Ghana is a mobile money market and the interesting thing about MoMo in Ghana is that there’s no excessively dominant player. To this end, I’ve argued that digital credit is a major vector in Ghana because the MoMo transactional rails already exist. We’ve seen players like Fido, Affinity and Loop’s partnership with MTN validate this perspective. The challenge though is unlike Kenya, we may see significant fragmentation leading to players in Ghana having higher defaults and not achieving significant breakout scale. I have an up-coming podcast with Tarek of Affinity where we’ll discuss this in more detail.
🇳🇬 | FirstBank Reaches N1 Trillion in Digital Loan Disbursements
FirstBank has disbursed a cumulative N1 trillion in instant digital loans since August 2019. This milestone was achieved through a digital lending ecosystem utilizing Artificial Intelligence and Machine Learning, which provides unsecured loans to various customer segments, including salary earners, non-salary earners, and micro-business owners. The bank's digital loan products, including FirstAdvance, FirstCredit, and AgentCredit, are accessible through multiple channels such as USSD, mobile apps, and agent banking. This achievement highlights FirstBank's strategy of leveraging technology to enhance financial inclusion and customer empowerment. The bank currently disburses approximately N1 billion in digital loans daily.
US$ 650 million in total disbursements over 6 years whilst good for a banking system that has traditionally shied away from retail lending, is still a tiny amount in a market as big as Nigeria. For perspective, NCBA Loop does US$ 8 billion per annum in disbursements through M-Shwari and Fuliza. Whilst someone could argue that the unique nature of this partnership i.e. M-Pesa’s dominance invalidates such a comparison, the comparison matters from the perspective of what TAM exists for digital lending in SSA and especially a market like Nigeria. Note that whenever I talk about Safaricom’s dominance - think Shaquille O’Neal and not the legislative definition of market dominance.
🇳🇬 | Carbon Launches Payment Infrastructure for Nigerian Businesses
Carbon has launched Carbon Nexus, a payment collection and management platform for Nigerian businesses. The platform aims to address issues with payment reconciliation and tracking. Carbon Nexus provides virtual accounts for customers, allowing for real-time tracking of payments. It is designed for businesses with high transaction volumes or staggered payments, such as schools, retailers, and property managers. The platform requires no coding or extensive onboarding and offers credit to trusted customers. This initiative provides businesses with a tool to manage payments with increased visibility and automation.
In my discussion with Ngozi, he mentioned how their key focus as a Financial Service Provider going forward is to focus on SME and in particular, solving their problems beyond pure transactional services.
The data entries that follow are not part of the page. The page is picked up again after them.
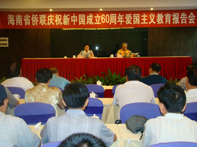 中新網(wǎng)9月9日電 9月2日,海南省僑聯(lián)在?谑忻廊A荷泰酒店舉辦“慶祝新中國成立60周年愛國主義教育報告會”,報告會由海南省僑聯(lián)黨組書記、主席何云霞主持,邀請海南省委黨校(省行政學(xué)院、省社會主義學(xué)院)黨委副書記、省行政學(xué)院院長、省委黨校副校長廖遜主講,省僑聯(lián)、省僑聯(lián)下屬社團(tuán)、?诘貐^(qū)僑聯(lián)干部50多人參會。(海南僑聯(lián))
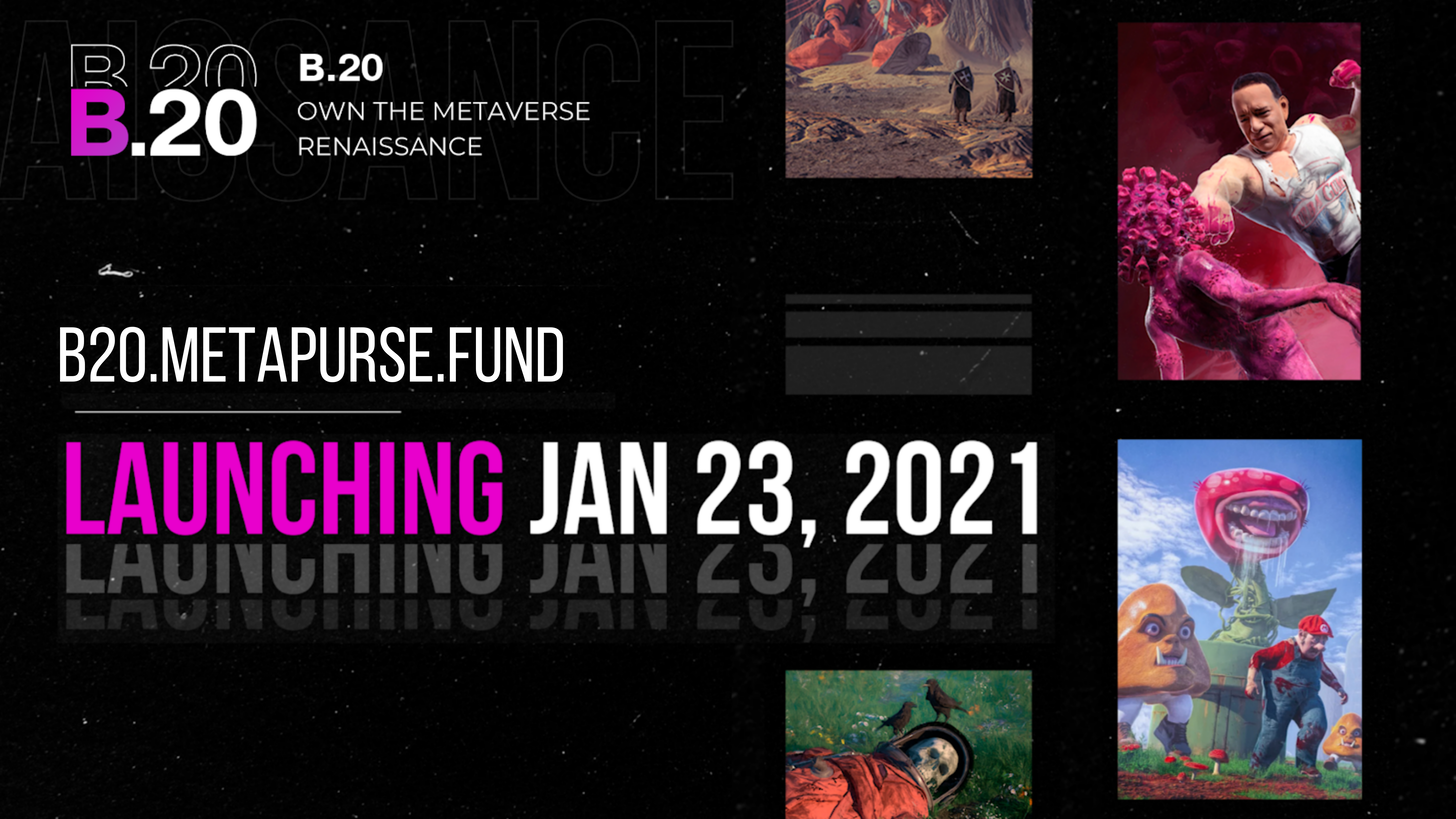 Metapurse is tokenizing a massive collection of NFTs, the B.20 bundle, which is centered around 20 signature 1/1 Beeple works the group collected for $2.2 million on Nifty Gateway last year. As part of the effort, Metapurse is building virtual museums for the B.20 pieces in Cryptovoxels, Decentraland, and Somnium Space.
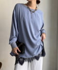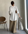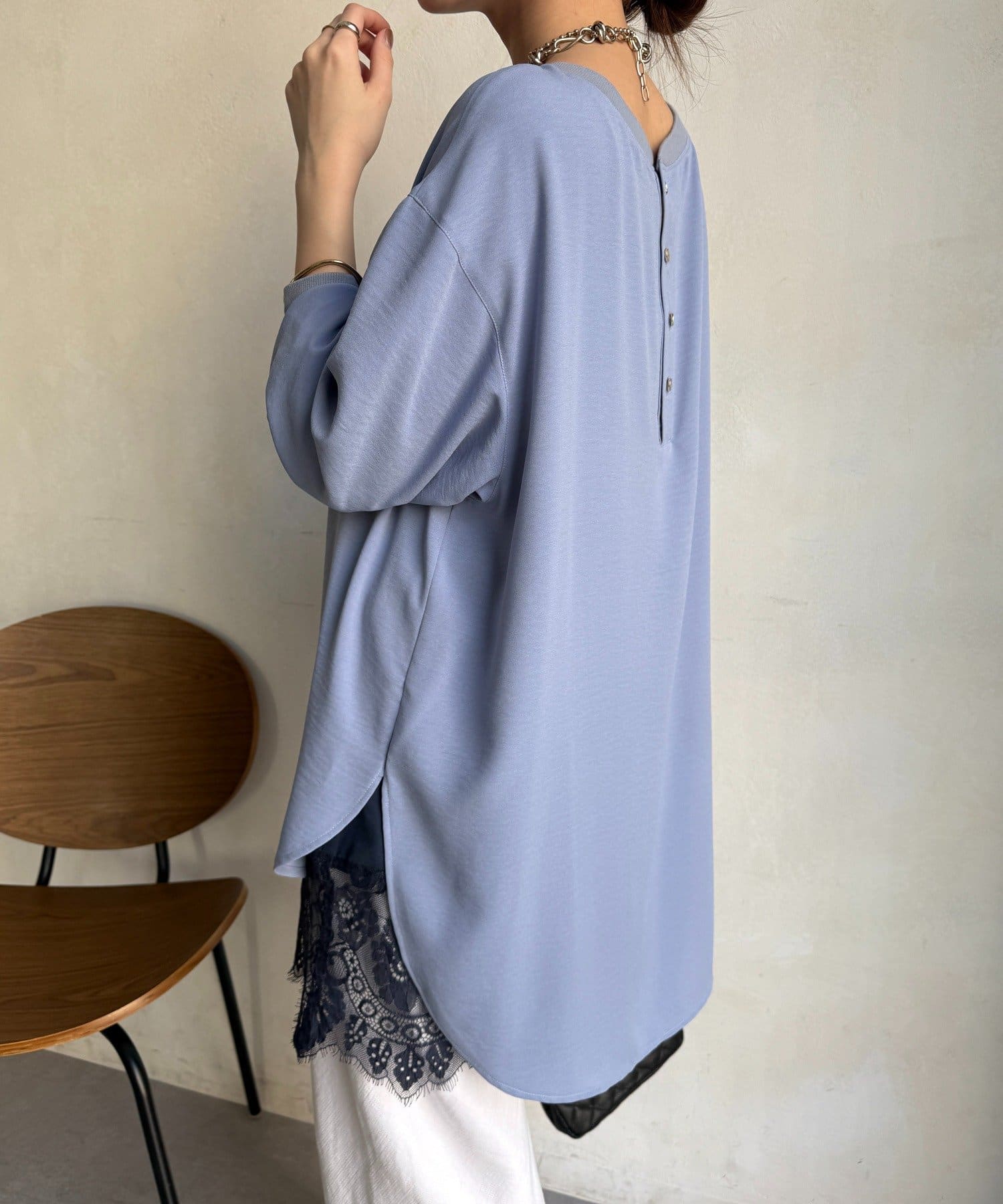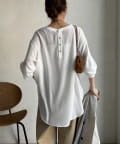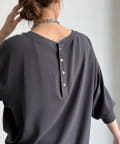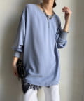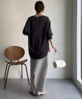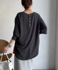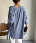 • DOUDOU(ドゥドゥ) 袖リブバックボタンジョーゼットプルオーバー

This move by Carbon therefore is aligned to this product vision. Virtual accounts are becoming valuable for payment ops - Choice Bank in Kenya powers them and Verto relies on this infrastructure to power cross-border payments. I wrote about VA’s 4 years ago and I’m surprised at how they’re yet to catch on with banks particularly for SME payment ops. I know a Fintech in Kenya doing impressive volumes for mid-market SME’s by offering VA powered banking and transactional products.